Presence of BRAF mutations in benign and dysplastic nevi [39] supports the hypothesis that activation of the NRAS-BRAF-ERK pathway is not sufficient to induce the malignant process and fully transform proliferating melanocytes, but requires additional, cooperating de-regulative events. In our series, the increased activity of ERK1/2 proteins was mainly a consequence of a combination of mutations in upstream NRAS/BRAF components of the pathway and silencing of the p16 ^CDKN2A gene (although additional - and yet unidentified - functional alterations may participate in inducing such a ERK activation) (see Figure 1). Therefore, our data provide an additional confirmation that multiple molecular events are being accumulated during melanomagenesis.
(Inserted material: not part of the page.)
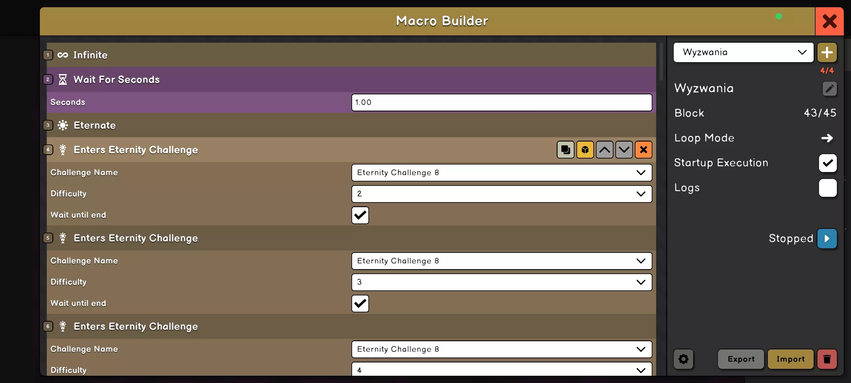 Unity 的核心在于不断重复某些操作,一遍又一遍。虽然最初的重复可能还比较慢,而且可以不用宏来完成,但后续的重复会变得让人难以忍受。 什么是宏呢?宏是一种记录下来的操作模式,用于规定电脑/手机应如何运行。简单来说,如果你有模式化的操作(按相同顺序重复执行相同操作),就可以将其自动化。这有点像编程,但这里是通过拼接模块来实现的。 如何编写宏呢?最好先思考一下可以将哪些操作自动化,然后拿一张纸,按顺序记录下你的操作步骤。例如:Eternate(永恒)、Dillate on(膨胀开启)、等待5秒、Dillate off(膨胀关闭)、挑战10-1、等待3秒、挑战10-2、等待10秒、挑战10-3、挑战10-4、Dillate on(膨胀开启)、等待5秒、Dillate off(膨胀关闭)、挑战10-5、升级中心1×5。然后用方块搭建出同样的结构并按下“播放”。如果一切顺利就没问题,要是宏在某个地方卡住了,你就得进行修正。随着时间推移,你会制作出越来越好的宏。 不过,让我们回到游戏本身。 Unity是什么?

Identification of the predominant germline mutations in candidate susceptibility genes within a particular geographical area has particular relevance to achieve a prediction of the melanoma risk as well as to address patients and their families to clinical screening. On this regard, a dramatic improvement toward an earlier diagnosis of melanoma could be represented by the selection of specific high-risk groups to be appropriately targeted (since routine screening for detection of thinner melanoma can not be indiscriminately proposed). Familial melanoma patients are reported to present with thinner melanomas [8]. As also indicated above, different classifications of familial melanoma have been used by several authors, based on number (two cases with additional and various subcriteria or at least three cases) and type (involvement of first- and/or second-degree relatives) of affected family members. Regardless the occurrence of a weak or strong family history, relatives of melanoma patients carrying germline mutations in susceptibility genes could represent a high risk group which might undergo a surveillance program for identification of thinner melanoma. Our experience seems to support this hypothesis. Considering the non-Sardinian melanoma patients (whose series was the only one in which we detected p16 ^CDKN2A germline mutations), first- and second-degree relatives of p16 ^CDKN2A mutation carriers were informed to belong to a putative high risk group (through specific educational sessions, after obtaining an informed consent) and addressed to a short-term (6 months) surveillance program using epiluminescence microscopy. After a median follow-up of 78 months (range, 37-109), six new melanomas with median Breslow thickness of 0.35 mm (range, 0.25-0.68) were observed among such relatives of p16 ^CDKN2A mutation-positive patients (it is important to underline that patients with very thin melanomas - Breslow thickness ≤ 0.40 mm - present a 10-year survival rate which is estimated to be more than 98% [40, 41]). Although the number of events for more mature and definitive results is really low, we could speculate that the identification of a melanoma patient carrying a p16 ^CDKN2A germline mutation should induce clinicians to educate his family members to have a great care of all skin lesions and pay high attention to noticing any nevi' modification as well as to address them to a routine screening for detection of thinner melanoma.